Historic house in Massachusetts, United States

The J.D.C. Bradley House, also known as Oakcrest, is a historic mansion at 5 Sadie Hutt Lane in Southborough, Massachusetts. Built in 1913, the massive, 15000 sqft stucco house is one of the finest surviving works of architect Charles Adams Platt in Massachusetts. The house was listed on the National Register of Historic Places in 1999, where it is listed at 60 Sears Road.

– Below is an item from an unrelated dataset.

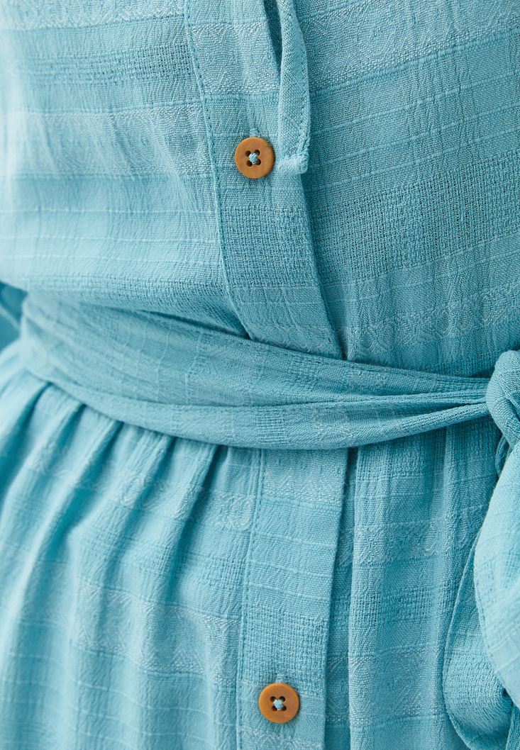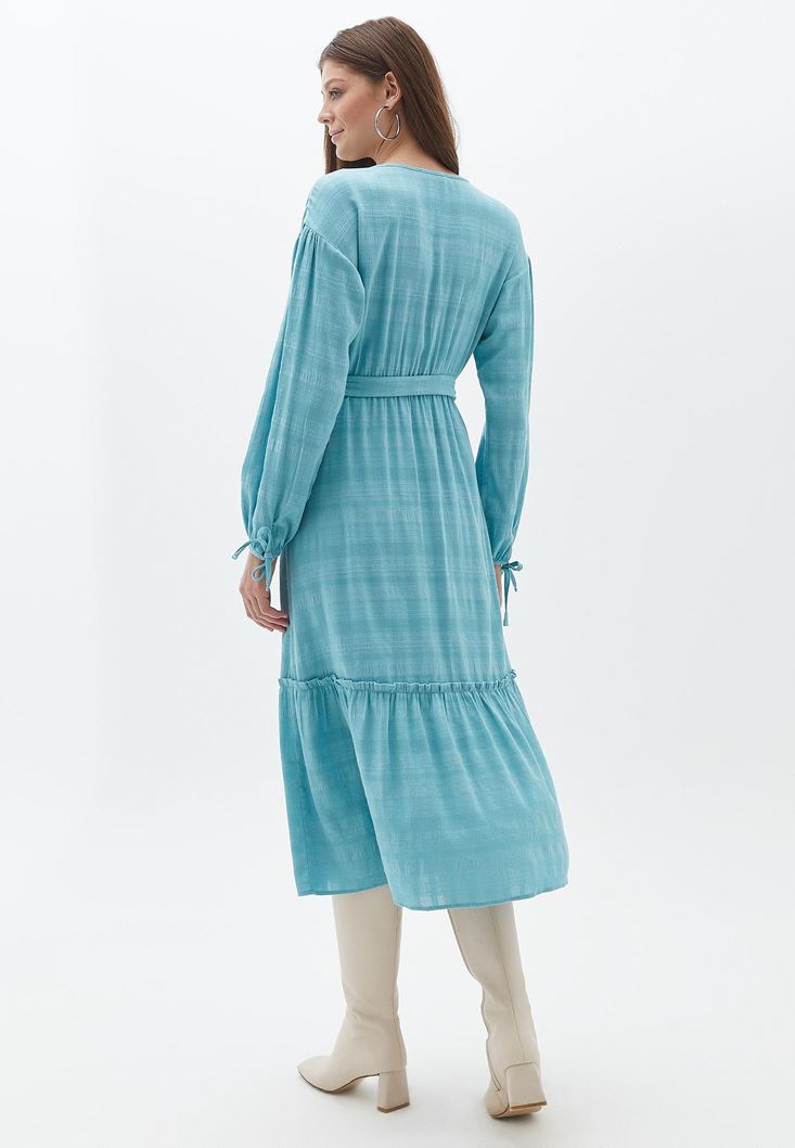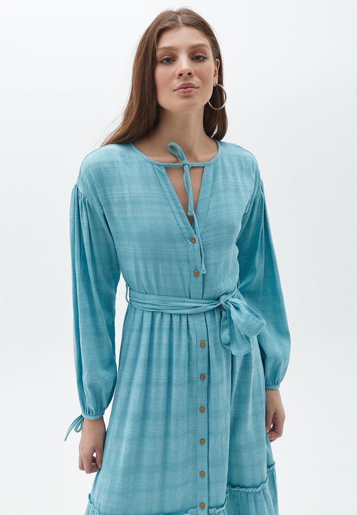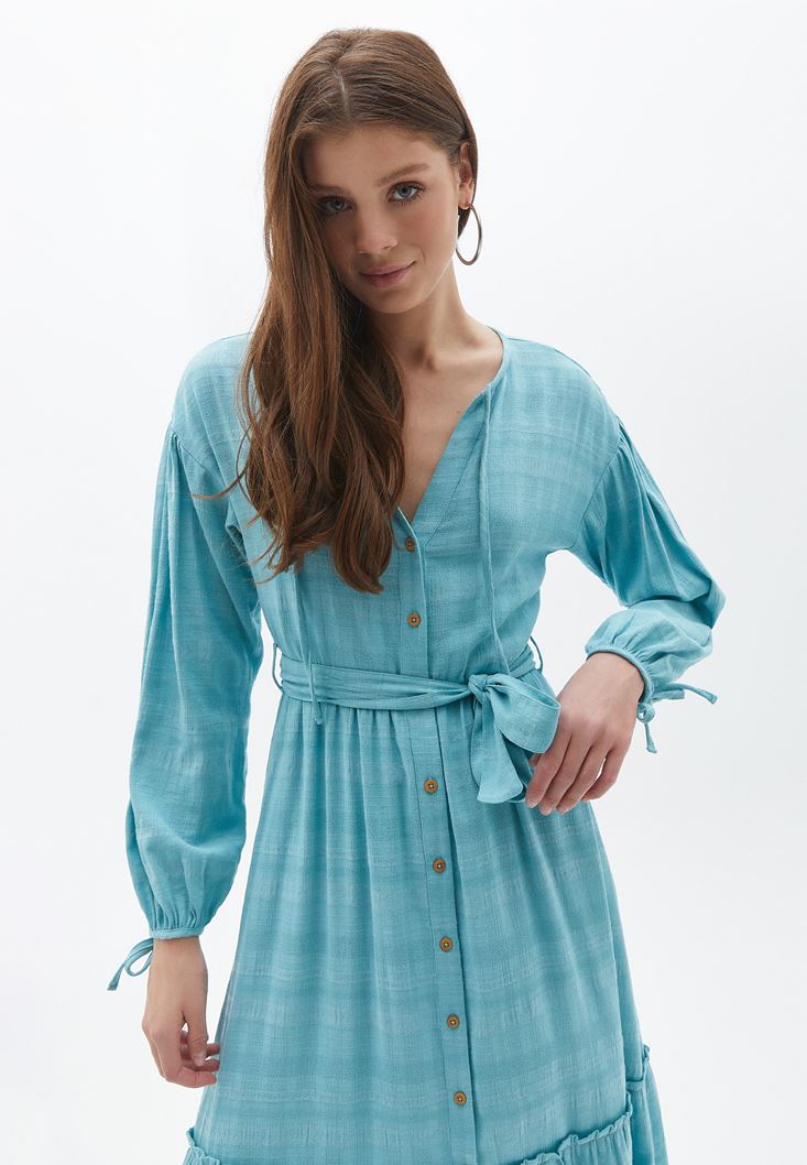 Pamuk ve viskon karışımlı doku, bedenden uzak rahat fit, uzun kollu, kol ucu ve yakası bağcıklı, kendi kumaşından kuşaklı, düğme kapamalı, etek ucu volanlı, ince askılı iç astar.

==Description and history==
The J.D.C. Bradley House is located in northern Southborough, at the center of the loop created by Sadie Hutt Lane. It is set at the crest of a rise, which affords views to the west. The house is a 2 1/2-story structure, with a wooden frame and exterior brick walls finished in stucco. It has a large central block 71 ft long and seven bays wide, with symmetrical flanking wings three bays wide. Each section is topped by a hipped roof; the central block has three gable dormers projecting from the front facade. The interior retains most of its original finishes, and includes a library room 32 × 27 ft in size, sufficient to house 4,000 volumes.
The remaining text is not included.